Computing device 50 includes a plurality of applications (e.g., applications 1 through N). Each application communicates with a central intelligent layer. Example applications include text messaging applications, email applications, dictation applications, virtual keyboard applications, browser applications, and the like. In some implementations, each application may use an API (e.g., a public API across all applications) to communicate with the central intelligence layer (and the models stored therein).

The central intelligence layer includes a plurality of machine learning models. For example, as shown in FIG. 3C, a respective machine learning model may be provided for each application and managed by a central intelligent layer. In other implementations, two or more applications may share a single machine learning model. For example, in some implementations, the central intelligence layer may provide a single model for all applications. In some implementations, the central intelligence layer is included within or otherwise implemented by the operating system of the computing device 50.

The central intelligence layer may communicate with the central device data layer. The central device data layer may be a centralized data store of computing devices 50. As shown in fig. 3C, the central device data layer may be in communication with many other components of the computing device (such as, for example, one or more sensors, a context manager, a device status component, and/or additional components). In some implementations, the central device data layer may communicate with each device component using an API (e.g., a proprietary API).
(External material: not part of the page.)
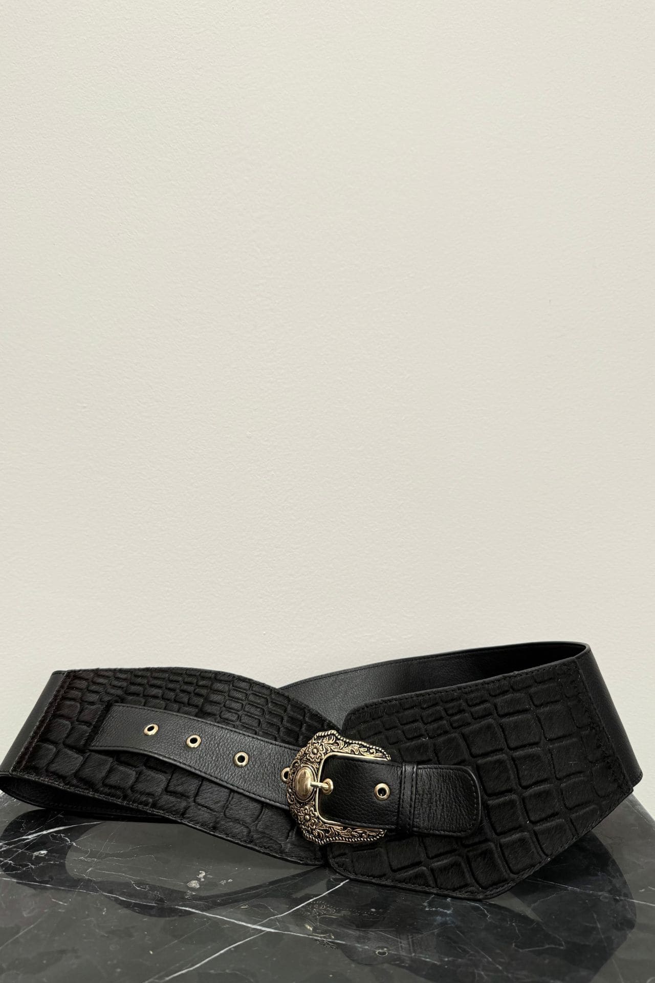 Cinturón de pelo de vaca color negro con textura de cocodrilo grabada. Su diseño versátil permite usarlo a la cintura o a la cadera, adaptándose a distintos estilos. Inspirado en la tendencia boho y western, eleva cualquier outfit.

FIG. 5 is a block diagram illustrating an example decoder model;

FIG. 6 illustrates an example new composite image synthesized in accordance with some embodiments of the present disclosure; and

Fig. 7 and 8 illustrate example intermediate object aware outputs according to some embodiments of the present disclosure. It should be noted that the potential representation coding describes not only the object, but also part of the background. This is in part because the object casts a shadow on the background of the scene. For example, each ray may be used to determine the pixel in the time slot with the highest weight in the hybrid block (and each time slot has a different color for visualization). For example, if 32 potential representation encodings are utilized, but there are no 32 objects in the scene, some of the potential representation encodings are typically unused, or some of the objects are split between the potential representation encodings.

Fig. 9 depicts a flowchart of an example method for performing a geometric neural scene-free representation by new view synthesis, according to an example embodiment of the present disclosure. Fig. 9 depicts a flowchart of an example method for performing in accordance with an example embodiment of the present disclosure. Although fig. 9 depicts steps performed in a particular order for purposes of illustration and discussion, the methods of the present disclosure are not limited to the particular order or arrangement shown. The various steps of method 900 may be omitted, rearranged, combined, or adjusted in various ways without departing from the scope of the present disclosure.
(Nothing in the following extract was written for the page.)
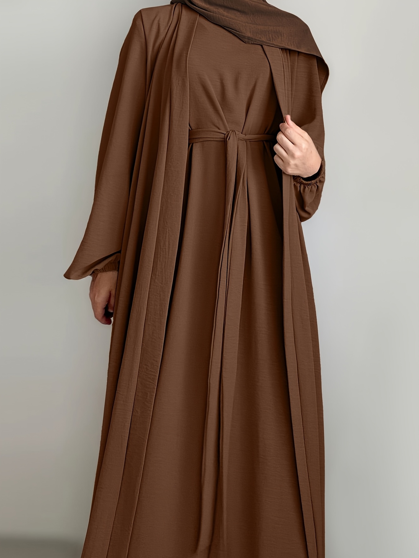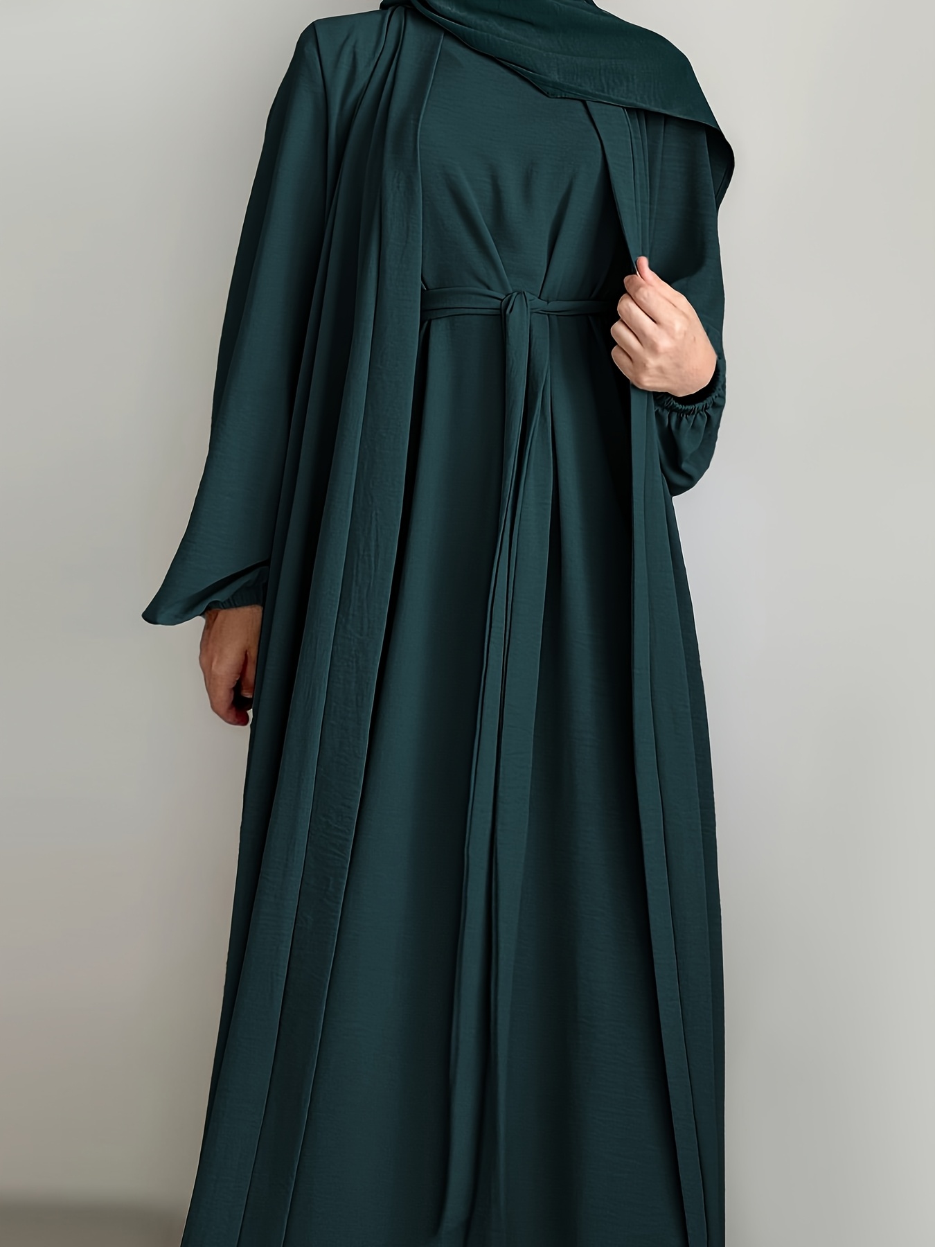 3pcs Traditional Middle Eastern Abaya Dress Set - Long Sleeve, Belted Waist, Solid Color, Non-Stretch Fabric, Spring/Summer/Fall Wear, Includes Cardigan, Dress, and Headscarf, Cultural Attire|Traditional Attire|Belted Waist Dress

At 902, a computing system may obtain one or more input images depicting a scene.

At 904, the computing system may generate one or more image embeddings for the one or more input images, respectively.

At 906, the computing system may process one or more image embeddings for the one or more input images, respectively.

At 908, the computing system may obtain ray data describing one or more ray casting of a predicted image for a scene.

At 910, a computing system provides as output a predicted image of a scene.

FIG. 10 depicts a flowchart of an example method for performing object-centric new view synthesis in accordance with an example embodiment of the present disclosure. Fig. 10 depicts a flowchart of an example method for performing in accordance with an example embodiment of the present disclosure. Although fig. 10 depicts steps performed in a particular order for purposes of illustration and discussion, the methods of the present disclosure are not limited to the particular order or arrangement shown. The various steps of method 1000 may be omitted, rearranged, combined, or adjusted in various ways without departing from the scope of the present disclosure.

At 1002, a computing system may obtain a plurality of potential representation encodings of one or more input images representing scenes depicting a plurality of objects, wherein the plurality of potential representation encodings correspond to a plurality of portions of the scene, wherein at least a subset of the plurality of portions depict the plurality of objects.

At 1004, the computing system may process the plurality of potential representation encodings and the respective query ray projections with a transducer sub-model of the machine learning decoding model for each of the plurality of query ray projections respectively associated with the plurality of pixels to generate feature embedding.

At 1006, the computing system may process, for each of a plurality of query ray projections respectively associated with a plurality of pixels, a feature embedding and a fixed ordering of a plurality of potential representation encodings using a weighted sub-model of a machine learning decoding model to obtain a weighted average of the plurality of potential representation encodings for the respective query ray projections.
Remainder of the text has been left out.